Der Geschmack ist kräftig würzig, leicht pikant und cremig-fettig. Der reife Camembert sorgt für die typische Käsenote, das Paprikapulver gibt eine rauchig-süße Tiefe, die Zwiebel bringt Schärfe und das Bier eine leichte Bittere. Insgesamt ist Obatzda intensiver als ein einfacher Frischkäseaufstrich, aber milder als reiner Limburger.
Wie lange hält sich Obatzda im Kühlschrank?
In einer gut verschlossenen Dose hält sich selbst gemachter Obatzda etwa zwei bis drei Tage im Kühlschrank. Wegen des hohen Frischkäse- und Butteranteils sollte er nicht länger gelagert werden.
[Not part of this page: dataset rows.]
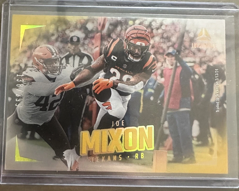 This 2024 Panini Luminance trading card features Joe Mixon of the Houston Texans in a Gold parallel/variety. The card is serial numbered 138/299 and is part of the base set. It is a sports trading card for football fans and collectors, manufactured by Panini in the year 2024. The card is in excellent shape and is near mint or better, ungraded. It is a great addition to any collection and perfect for fans of Joe Mixon and the Houston Texans. Get this card now before it's too late!
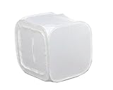 コンパクトに折りたたまれたフォトスタジオを広げると、あっという間に簡易スタジオのできあがり!フォトスタジオ内にセットされた被写体は、全面をディフューザー(光を柔らかくするための布や紙など)で覆われた状態と同じになり、柔らかい光がまんべんなく行き届くので、ソフトで美しい写真を撮影することができます。また、鏡面仕上げの映り込みが激しい物も、フォトスタジオで全面を覆えば、余計な映りこみもなく、すっきりした写真を撮影できます。オークション用商品の撮影、ホームページ作り、店舗のちらしやメニュー作成など、ブツ撮りをお手軽にこなしたい方におすすめです。
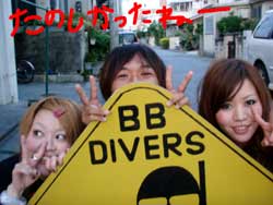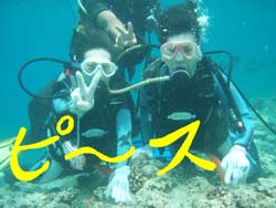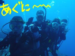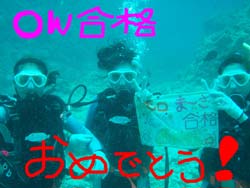 こんにちはーー!!今日はファンダイビングをしに来てくれたあやちゃん&OWラストの2人でーす!ってことで今日はなんとっ!!新たに2人のダイバーの誕生でーす♪めでたく今日ダイバーになったのはモロちゃん&マーサ★おめでとーーー!!まず今日一本目は砂辺!ニモを見たりサンゴのお花畑の上をフワフワ泳ぎ回ったり講習とは違ってたくさん泳ぎ回ったり魚を見たり楽しかったですねー!!あやちゃんも大好きな下ネタに大興奮でした!笑。そしてそして、講習のラストダイブは蒼の洞窟のある真栄田岬に行ってきましたーー!!暗闇が苦手なやく2名は真っ暗な洞窟にビビリながら、なすびはツバメウオの勢いにビビリながらも洞窟の奥まで行ってきました!洞窟を出る時はキレイな青に向かって泳いで気持ちよかったですね〜☆二本目の最後には水中でモロちゃん&マーサちゃんのOW合格のお祝いをしてきましたー!!おめでとー!!感覚忘れないうちにまた遊びにきてくださーい!あやちゃんも暇な時はいつでも潜りにきてねー!!また一緒に潜りましょー! |
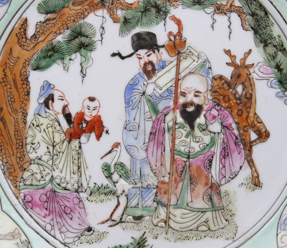 gr. Ansichternteller, China, rote Marke, älter, ca. H-6cm D-35,5cm
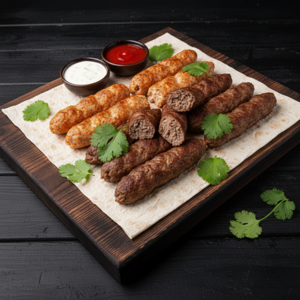 Люля кур.- 3 шт Люля свиной- 3 шт тар-тар-4 лаваш-6 кусков Сеты не проходят по акциям и промо-кодам. Баллы с сетов не списываются
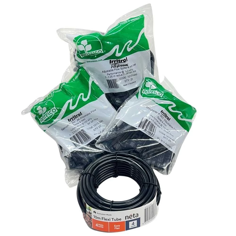 Dural Irrigation has compiled a highly requested bundle for those pot plant enthusiast, requiring a variety of spray & flow rate types with complete control of flow for each spray stake.
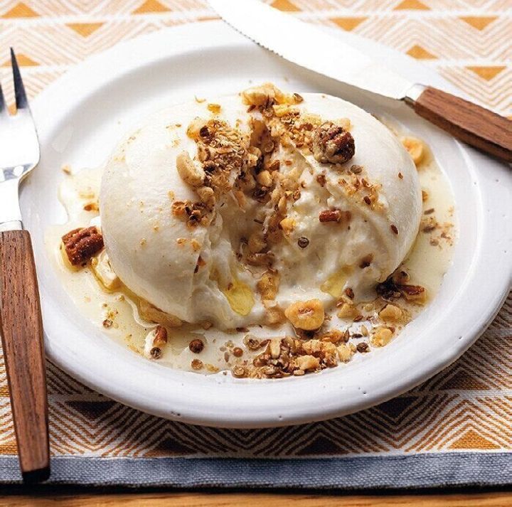 カルディのブッラータチーズにオリーブオイルと「デュカ」をかけるだけ。ナッツの香ばしさと、スパイスのうまみにハマりました。
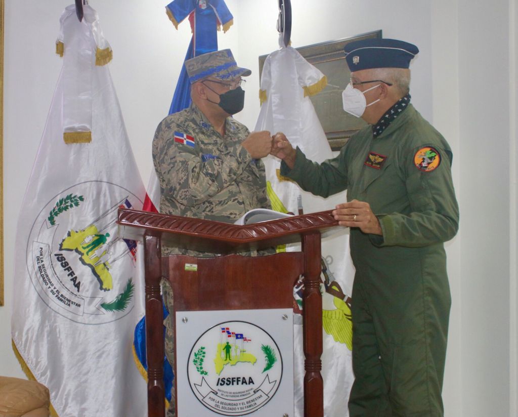 Santo Domingo, RD., El Director General del Instituto de Seguridad Social de las Fuerzas Armadas, General de Brigada Piloto, William W. Sharp Jiménez, FARD recibió al Director General de la Industria Militar De Las Fuerzas Armadas, Gral. De Brigada Piloto, Enmanuel M. Souffront Tamayo, FARD, haciendo entrega de la Moneda y Pin oficial del ISSFFAA, aprovechando la ocasión para tratar temas de interés para el beneficio del soldado dominicano.
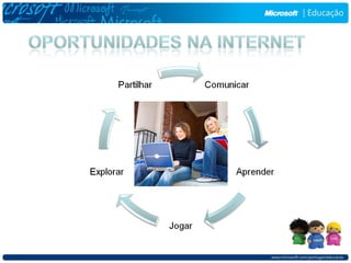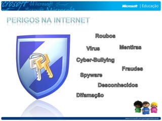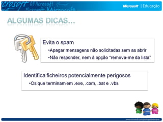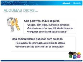 O documento fornece conselhos de segurança para estudantes sobre como se comportarem online, incluindo não divulgar informações pessoais, evitar conversar com estranhos, e avisar um adulto se estiverem sendo vítimas de cyberbullying. Recomenda que os jovens usem as redes sociais com cuidado e verifiquem a validade das informações encontradas online.
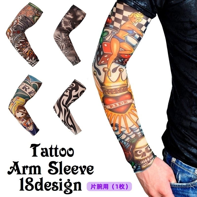 タトゥー アームカバー アームスリーブ 男女兼用 レディース メンズ 入れ墨風 刺青風 Tattoo風 伸縮性 紫外線対策 日焼け予防 コスプレ ハロ
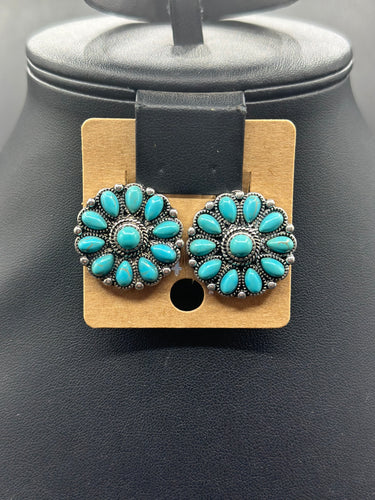 Sold outTurquoise Inspired Floral Clip On Earrings- Regular price

Einfrieren wird nicht empfohlen, weil die Konsistenz danach körnig und wässrig wird.
Heißt es Obatzda, Obatzter oder Obazda?
Alle drei Schreibweisen sind korrekt. Obatzter ist die ältere, eher schriftsprachliche Form, Obatzda die heute am weitesten verbreitete und Obazda die phonetische Schreibung, wie das Wort im bayerischen Dialekt klingt. Die EU-Verordnung kennt sowohl Obazda als auch Obatzter als geschützte Bezeichnungen.
Woher kommt der Obatzda?
Der Obatzda hat seinen Ursprung im Weihenstephaner Bräustüberl in Freising. In den 1920er-Jahren begann die Wirtin Katharina Eisenreich, übrig gebliebenen reifen Camembert mit Butter, Zwiebeln und Paprika zu vermischen und als Brotzeit zu servieren. Von dort verbreitete sich das Rezept schnell in ganz Bayern.
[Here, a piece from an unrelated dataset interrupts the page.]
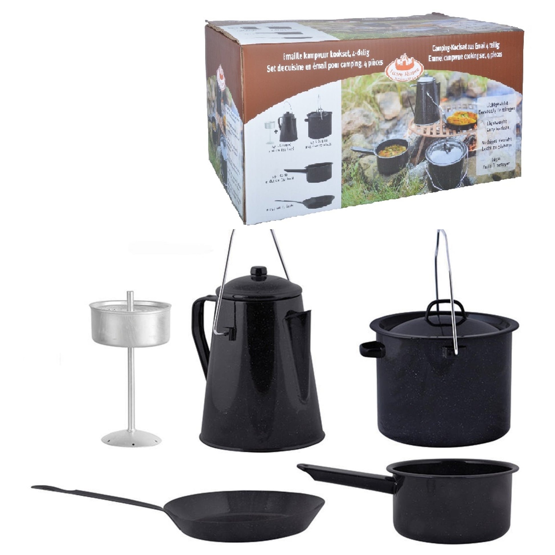 Cooking outside is an experience, an adventure. Prepare the most delicious meals with this complete 4-part set, consisting of frying pan, saucepan, cooking pot with lid and handle and coffee pot with lid and handle.- 4-parts: frying pan 25,.4 cm (10”), saucepan 1.9 L (3.3 UK Pints) 18.4 cm (7.2”), cooking pot with lid 3,3 L (5.8 UK Pints) 19,2 cm (7.6”), coffee pot (percolator) 1.9 L (3.3 UK Pints) (8 cups)16 cm (6.3”)- lightweight- easy to clean- packaged in gift box
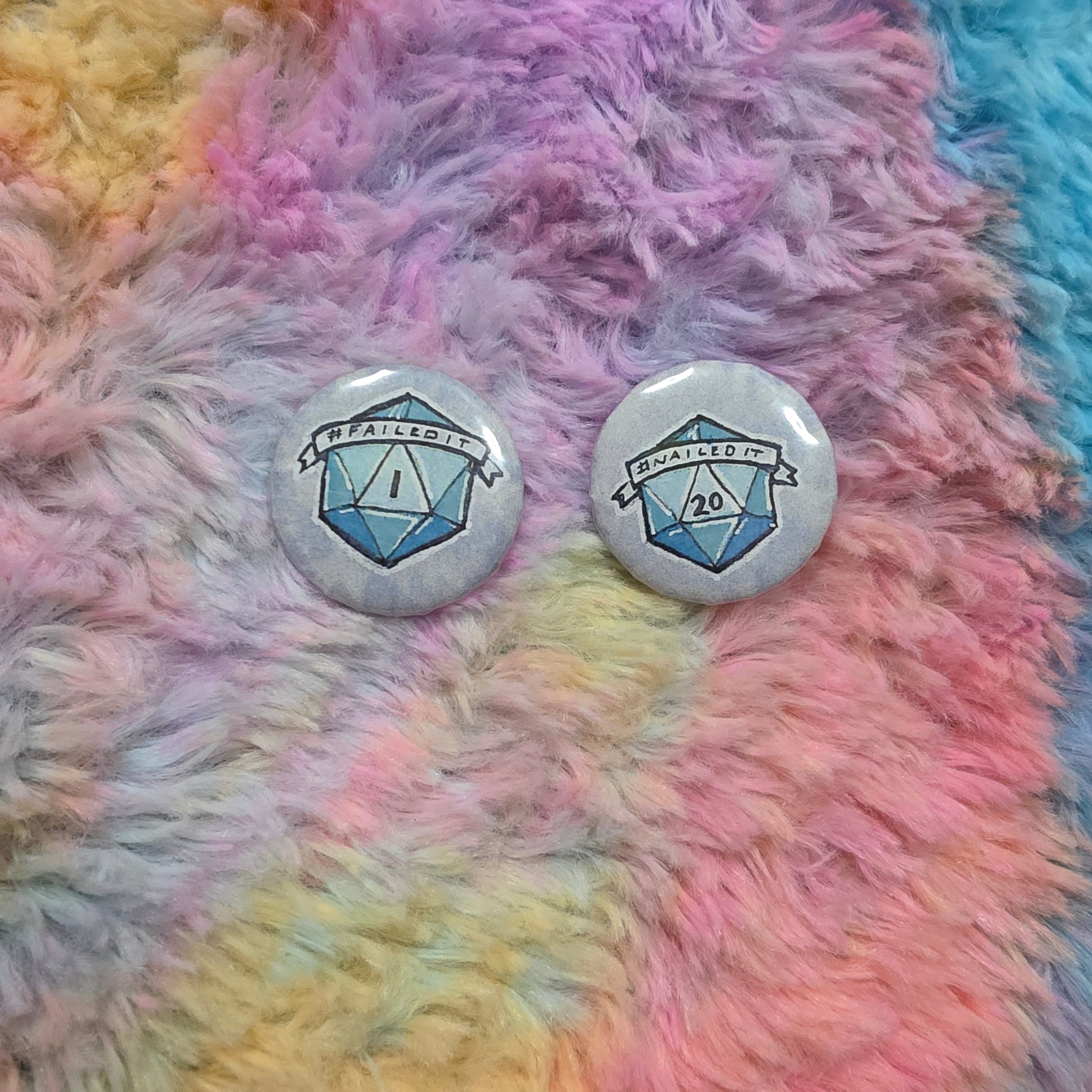 Roll your style with D20 Buttons! Featuring a d20 die with either "nailed it" or "failed it" designs, these buttons make a bold statement. Attach to any garment as a lapel pin for an extra flair. Perfect for gamers and geeks alike. (Critical success not guaranteed.)

Wie nennt man Obatzda in Franken?
In Franken heißt der Käseaufstrich Gerupfter oder angemachter Camembert. Rund um Bamberg ist auch der Name Liptauer geläufig, der sonst eher für eine ungarisch-österreichische Käsezubereitung steht. Die Zubereitung ist jeweils ähnlich, kann sich in Details aber unterscheiden.
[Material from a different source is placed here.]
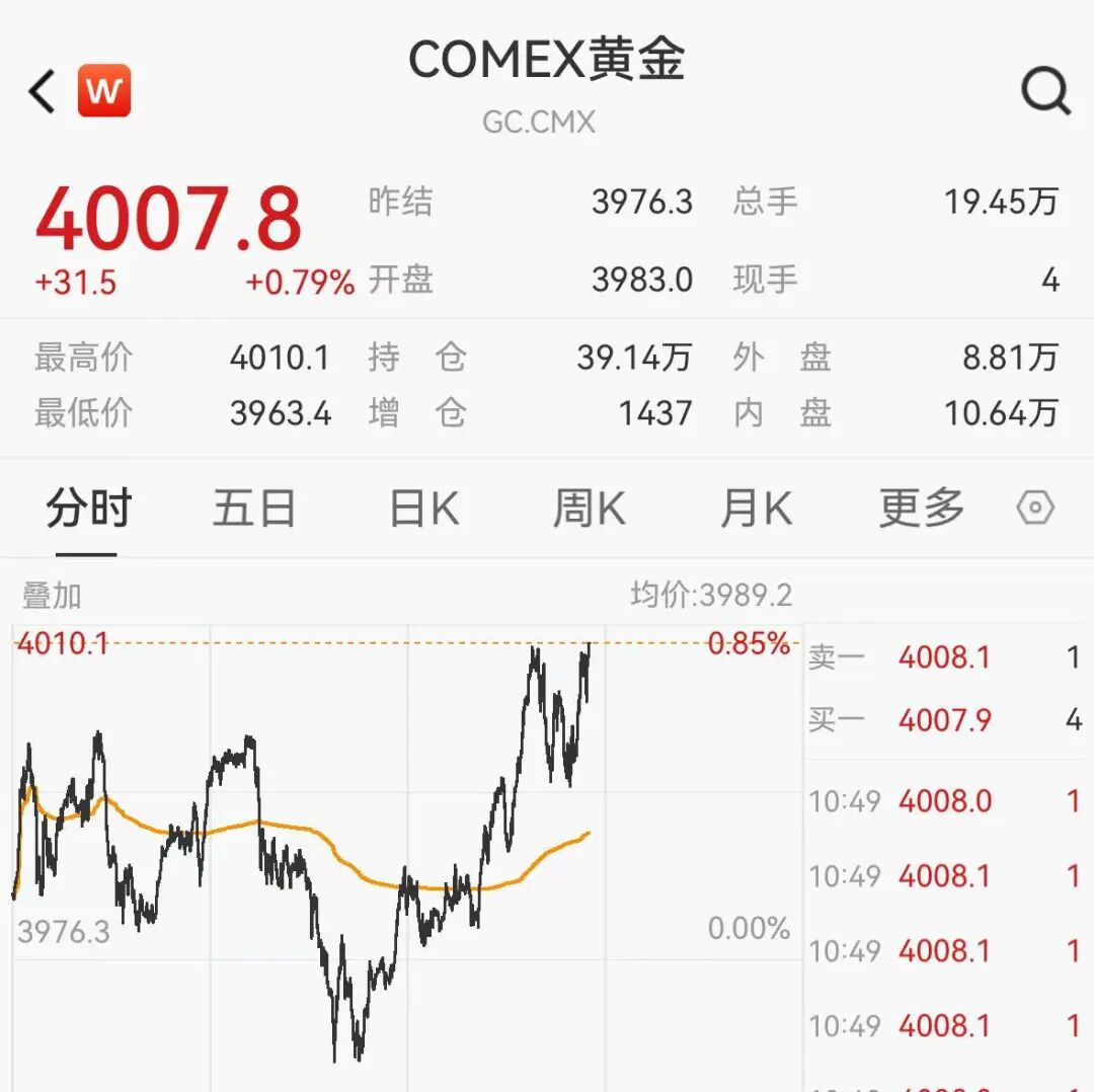 黄金延续涨势。7日晚间,现货黄金首次触及3990美元/盎司,创历史新高。COMEX黄金期货首次突破4000美元/盎司。

Kann ich Obatzda vegan zubereiten?
Eine vegane Version ist möglich, schmeckt aber deutlich anders. Statt Camembert kommt ein gereifter veganer Frischkäse oder ein Cashew-Käse zum Einsatz, die Butter wird durch Margarine ersetzt. Paprikapulver, Zwiebeln, Kümmel und ein Schuss Bier sorgen für die typischen Aromen. Mit dem Originalgeschmack kann die vegane Variante nicht ganz mithalten, ist aber eine gute Alternative.